My paragraphs and emphases. Way to start an essay, Rancière.
How should we understand the syntagm of my title? Obviously it is not a question of claiming that politics or knowledge must take on an aesthetic dimension or that they have to be grounded in sense, sensation, or sensibility. It is not even a question of stating that they are grounded in the sensible or that the sensible is political as such. What aesthetics refers to is not the sensible. Rather, it is a certain modality, a certain distribution of the sensible. This expression can be understood, at least initially, by turning to the text that has framed the space of aesthetics, though the term was never used there as a substantive. I mean, of course, Kant’s Critique of Judgment, which I will use as a guiding thread in the construction of a tentatively more comprehensive concept of aesthetics. For now I only wish to draw from this text the three basic elements that make up what I call a distribution of the sensible.
First, there is something given, a form that is provided by sense—for instance, the form of a palace as described in section two of Kant’s text. Second, the apprehension of this form is not only a matter of sense; rather, sense itself is doubled.

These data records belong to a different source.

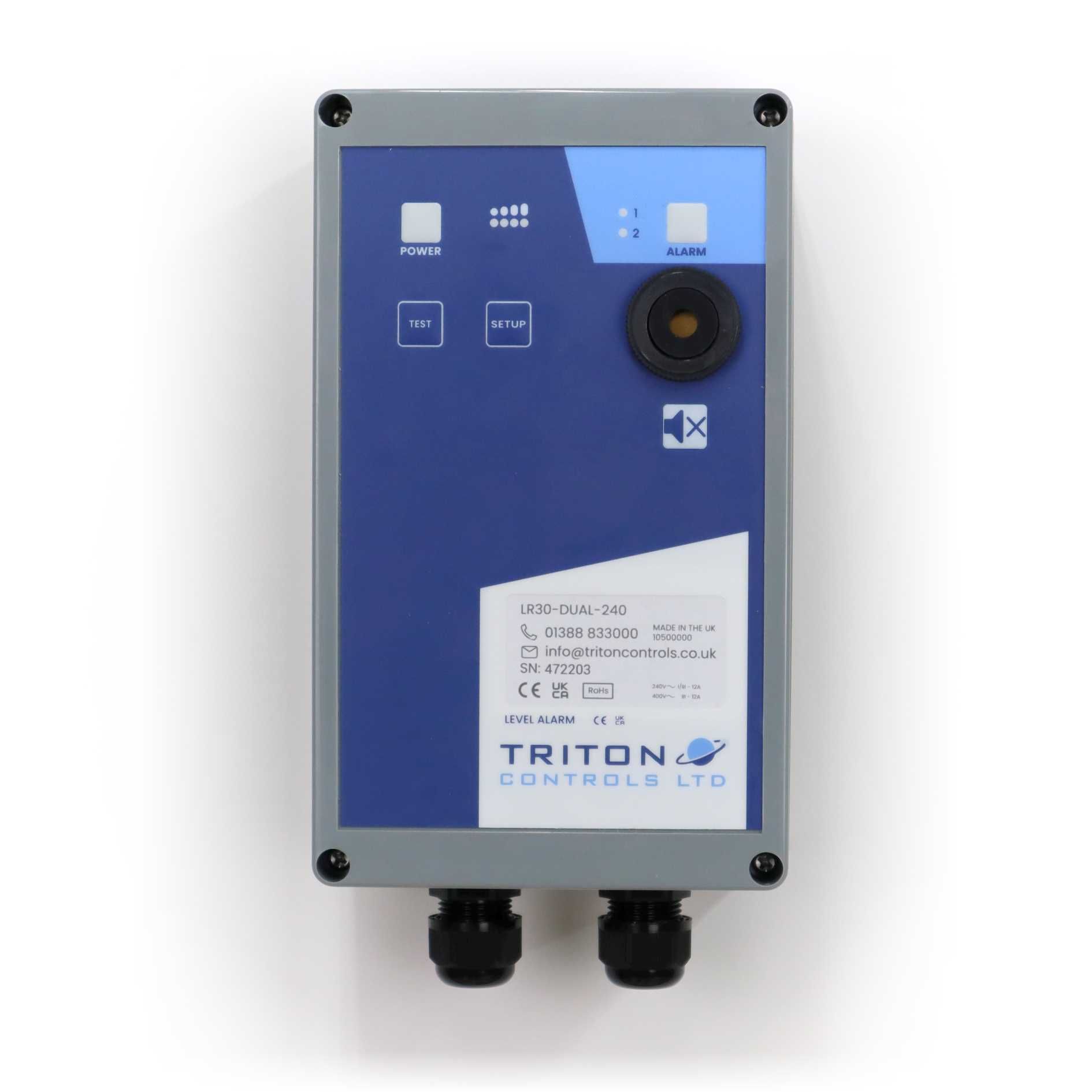 Each dual alarm comes fitted with an internal backup battery, capable of over 48h running time. Along with the battery, the unit is fitted with an auxiliary relay output [volt-free output] as standard.
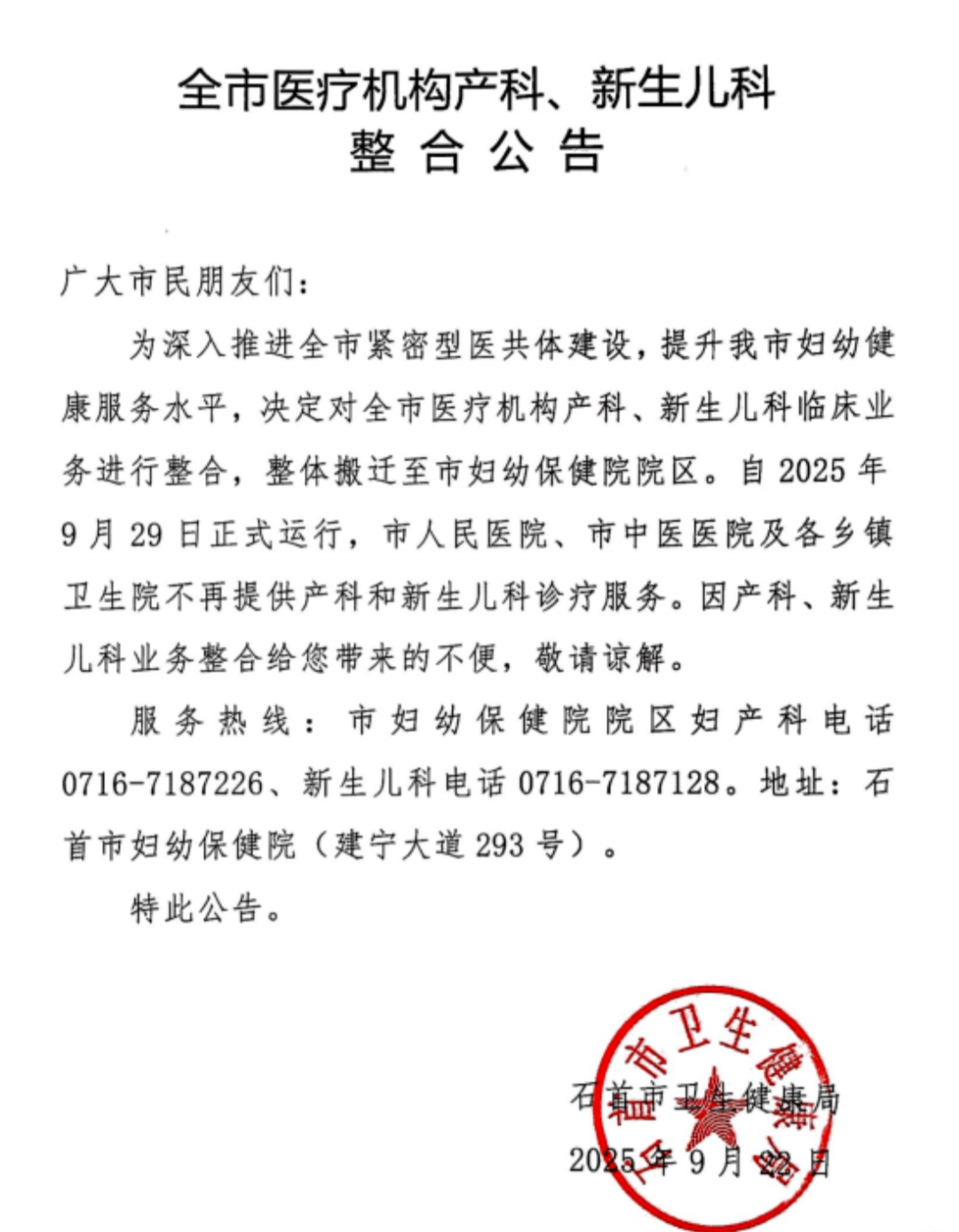 石首市卫生健康局发布公告称:决定对全市医疗机构产科、新生儿科临床业务进行整合,整体搬迁至市妇幼保健院院区,市人民医院、市中医医院及各乡镇卫生院不再提供产科和新生儿科诊疗服务。[1]
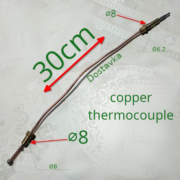 Copper Thermocouple with thread ø8 + ø8, rod 6.2 mm, for using in many different automatic gas boilers, hob and ovens.
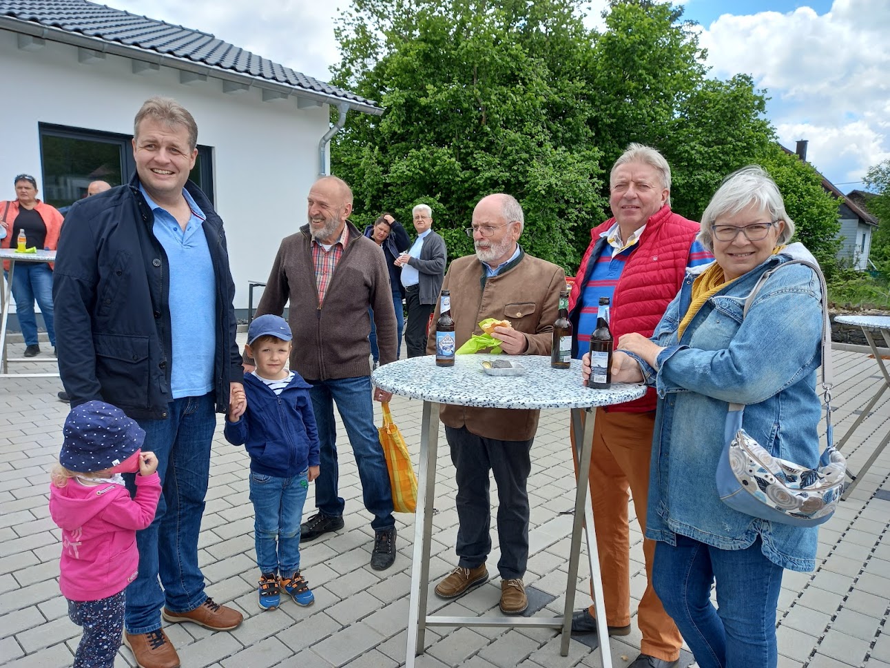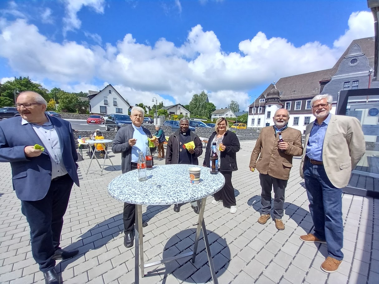 Pfarrer Achim W. Sahl ging zur Begrüßung auf die Entstehung des Zentralen Pfarrbüros ein, das ein jahrelanges Provisorium im ehemaligen Pfarrhaus in Seck ablöste. Das Bauwerk entstand an jener Stelle, wo früher das Pfarrhaus der Kirchengemeinde Sankt Hubertus in Rennerod stand. Es benötigte eine dreieinhalbjährige Vorlaufszeit, bevor im Juli 2020 mit den Bauarbeiten begonnen werden konnte. Das Richtfest wurde am 18. September 2020 gefeiert. Im Juli 2021 zogen die Mitarbeiterinnen und Mitarbeiter in das neue Verwaltungsgebäude ein. Pfarrer Sahl, gleichzeig auch Vorsitzender des Verwaltungsrates der Pfarrei Sankt Franziskus dankte allen, die zum Bau und der Fertigstellung des Verwaltungsgebäudes beigetragen hatten. Namentlich dankte Sahl auch dem stellvertretenden Vorsitzenden des Verwaltungsrates, Helmut Scherer und der Vorsitzenden des Pfarrgemeinderates, Petra Bandlow. Ebenso der Bau- und Finanzabteilung des Bistums Limburg. Unter erschwerten Bedingungen, bedingt durch die Coronapandemie, mussten die Verwaltungsleiterin Marina Weiler und die Mitarbeitenden starten. Corona, so der Pfarrer, hätte auch den Zeitpunkt der Einsegnung und des Tages der offenen Tür bestimmt. „Heute aber können wir miteinander feiern“, sagte Sahl. Zur Einsegnung des Gebäudes sprach er ein Gebet, wo er um Gottes Segen für alle bat, die hierin arbeiten oder sich begegnen. Die sei der erste Schritt zur Güte, Hilfsbereitschaft und Menschlichkeit. Es schlossen sich Fürbitten an. Nach dem eigentlichen Segen sangen die Besucher die ersten beiden Strophen von „Großer Gott wir loben dich“.

The apprehension puts into play a certain relation between what Kant calls faculties: between a faculty that offers the given and a faculty that makes something out of it. For these two faculties the Greek language has only one name, aesthesis, the faculty of sense, the capacity to both perceive a given and make sense of it.

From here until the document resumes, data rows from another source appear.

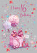 This sophisticated Cherry Orchard birthday card celebrates a 16th birthday with elegant pink tones, featuring beautifully wrapped presents and festive balloons. It’s a graceful way to mark this special milestone.
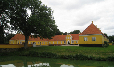 Den nye hovedbygning fra 1973 ligger omgivet af voldgrave på tre sider.
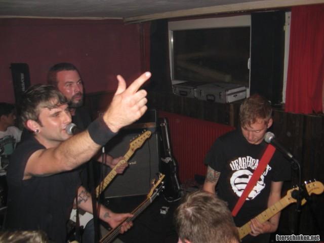Oh, Ryan darf auch mal ans Mikrofon. Mit Grüßen an den Barmann, äh, Barjungen, der ihm wohl bei der Tour mit Spanish Gamble schon einige tiefe Gläser reichen durfte. Schon geil wie der ganze Laden inklusive Personal fleißig diese Musik abfeiert...
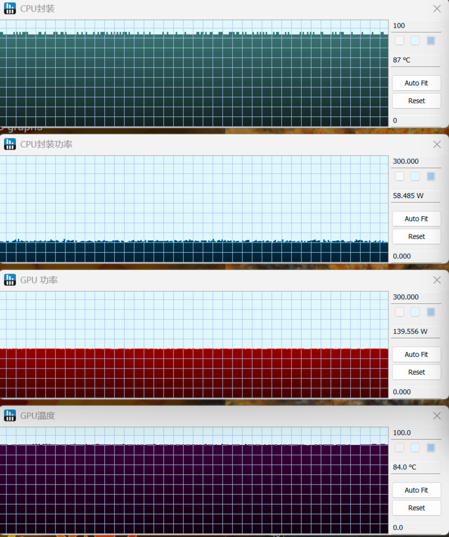 在双烤测试中,测试30分钟,CPU的温度为87℃,功耗为58W。GPU的温度为84℃,功耗为139W,在双烤时,暗影骑士·擎6的散热表现还是很不错的,可以让CPU与GPU在高性能的状态下持续的运行。
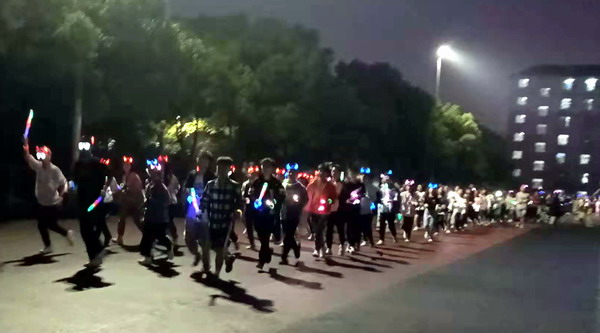 当夜幕降临,操场上,微风伴着湿润的空气,欢声与笑语在这里回荡。当晚7时,荧光亮起,同学们手执荧光棒,头戴荧光环奋力奔跑着,点点荧光流动在校园中,青春的热情化作一个个跃动的光点点亮夜晚的校园,把整个校园装点成一个荧光闪耀的欢乐海洋。活动结束后,参赛者们一起合影留念。
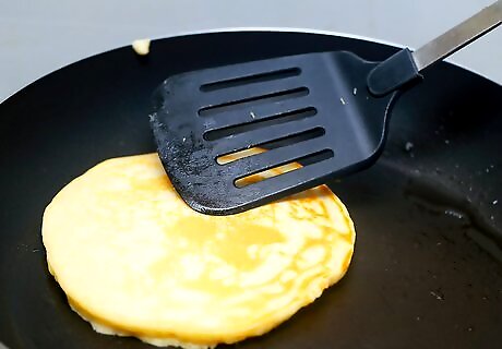 Cook. Drop large dollops on a lightly-greased, hot griddle or heavy frying-pan. Be sure to flip over and cook a few minutes on each side. If you're making a large batch, place the pancakes on an oven-safe plate, and put it in the oven. Add the pancakes to the plate as they finish cooking.

Making sense of a sense given, Kant tells us, can be done in three ways.Two of the three ways define a hierarchical order.

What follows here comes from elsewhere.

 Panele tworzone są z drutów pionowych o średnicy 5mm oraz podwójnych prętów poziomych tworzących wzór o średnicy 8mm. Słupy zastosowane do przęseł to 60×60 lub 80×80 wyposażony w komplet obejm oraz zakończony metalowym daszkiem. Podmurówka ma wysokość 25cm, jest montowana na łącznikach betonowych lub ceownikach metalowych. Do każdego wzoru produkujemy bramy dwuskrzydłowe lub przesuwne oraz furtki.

In the first of these, the faculty of signification rules over the faculty that conveys sensations; the understanding enlists the services of imagination in order to subordinate the sense given. This is the order of knowledge. This order defines a certain view of the palace; the palace is seen as the achievement of an idea imposed on space and on raw materials, as in a plan drafted by an architect. This plan itself is appreciated according to its suitability for the ends of the building.
In the second way of making sense, in contrast, the faculty of sensation takes command over the faculty of knowledge. This is the law of desire. This law views the palace as an object of pride, jealousy, or disdain.
There is a third way of looking at the palace, a way that sees it and appreciates it neither as an object of knowledge nor as an object of desire. In this case, neither faculty rules over the other; the either/or no longer works. The two faculties agree with each other without any kind of subordination. The spectator may think that the magnificence of the palace is sheer futility; he may oppose its pomp and vanity to the misery of the poor or the sweat of the workers who built it for low wages. But this is not the point. What is at stake here is the specificity of a distribution of the sensible that escapes the hierarchical relationship between a high faculty and a low faculty, that is, escapes in the form of a positive neither/nor.
Let us summarize the three points. First, a distribution of the sensible means a certain configuration of the given. Second, this configuration of the given entails a certain relation of sense and sense. That may be conjunctive or disjunctive. The relation is conjunctive when it obeys a certain order of subordination between faculties, a certain manner of playing the game according to established rules. It is disjunctive when the relationship between faculties has no rule. Third, the conjunction or disjunction is also a matter of hierarchy. Either there is a hierarchy between the faculties, which may be overturned, or there is no hierarchy, in which case there is a faculty whose proper power stems from the rejection of the hierarchical relation. This rejection of the hierarchical relation between the faculties that make sense involves a certain neutralization of the social hierarchy.